Banks Raise Interest Rates, Savers Give Up Hope
This week, several banks raised interest rates for diligent savers taking advantage of so-called high-yield savings accounts. American Express Bank, a cousin of a credit card company you've probably heard of that reorganized as a bank holding company to better position itself for government protection and balance sheet building, raised its interest rate. Ally Bank, the result of GMAC's well-funded rebranding campaign, following government intervention in the bank's parent company, also raised its interest rates.
Banks have a balancing act today. Many banks, particularly those that are subsidiaries or corporate cousins of credit card companies, want to carry more cash on hand to meet newer federal regulations and to have something positive to show on their quarterly financial reports. The real business of a bank is to lend money, though, and when banks can borrow from the Federal Reserve at an extremely low cost, there's no incentive to seek deposits from customers other than expanding customer base.
Capital One, the fifth largest credit card issuer in the world, purchased ING Direct to strengthen the acquirer's balance sheet. It was a match made in plastic heaven; ING Direct's parent company was forced to divest its American branches in exchange for a European bailout. Since the acquisition, customers haven't seen much difference yet, but ING Direct employees have more to say on the quality of the transition. Layoffs loom throughout the former ING Direct throughout the United States. This isn't just conjecture. 235 employees are affected in Los Angeles alone.

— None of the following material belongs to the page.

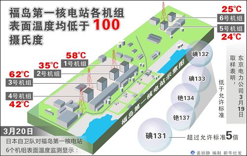 经过多天的注水降温作业,核电站6个机组的表面温度目前全部低于100摄氏度。日本防卫大臣北泽俊美表示,日本自卫队利用直升机搭载一种红外装置对福岛第一核电站各机组表面温度进行测量的结果显示,1号至6号机组表面温度分别为58摄氏度、35摄氏度、62摄氏度、42摄氏度、24摄氏度和25摄氏度。
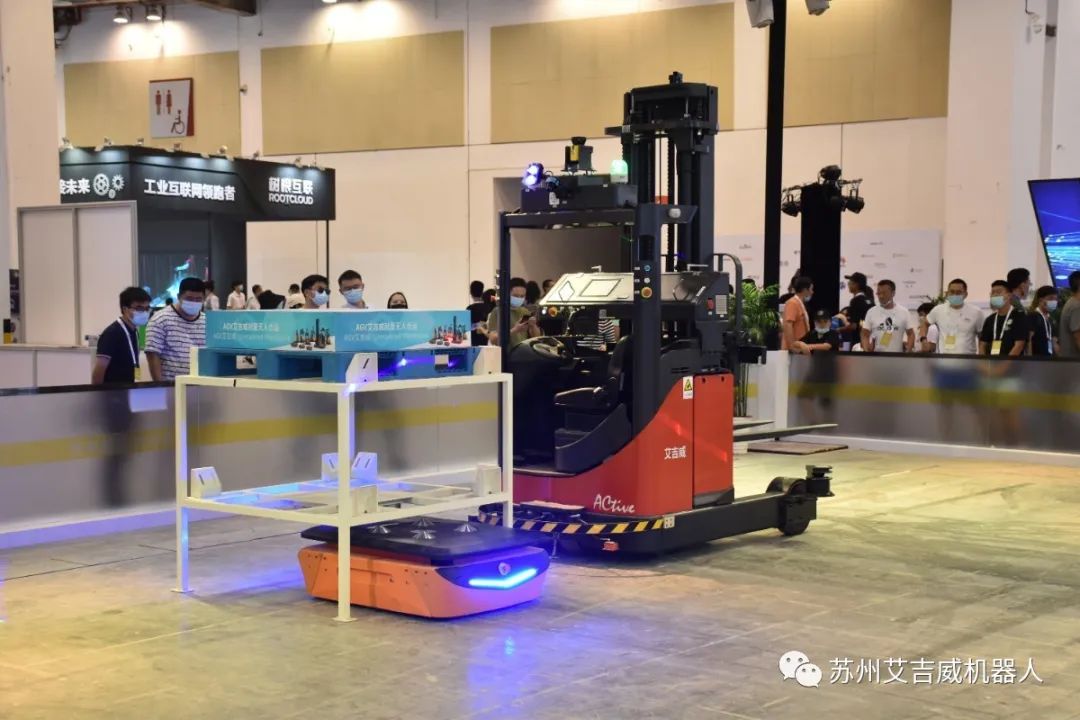本次艾吉威展廳內(nèi)部共有四臺無反系列AGV機(jī)器人,通過一個調(diào)度系統(tǒng)“任務(wù)分流”,各AGV之間協(xié)同作業(yè),叉車AGV展示精準(zhǔn)叉取,堆垛;小車AGV 靈活,頂升,展示方案模擬客戶現(xiàn)場生產(chǎn)搬運運輸及不同車型之間的配合調(diào)度。

Cosmetic changes are underway. The bank will lose its classic orange logo and color scheme (inspired by ING Direct's former headquarters on South Orange Street in Wilmington, Delaware), and the ING Direct name will cease to exist sometime next year. It still remains to be seen how customers will take to the rebranding. It's safe to say that among savers and credit card users alike, the ING Direct brand has a more positive connotation than Capital One, but keeping the ING Direct branding did not seem to be an option.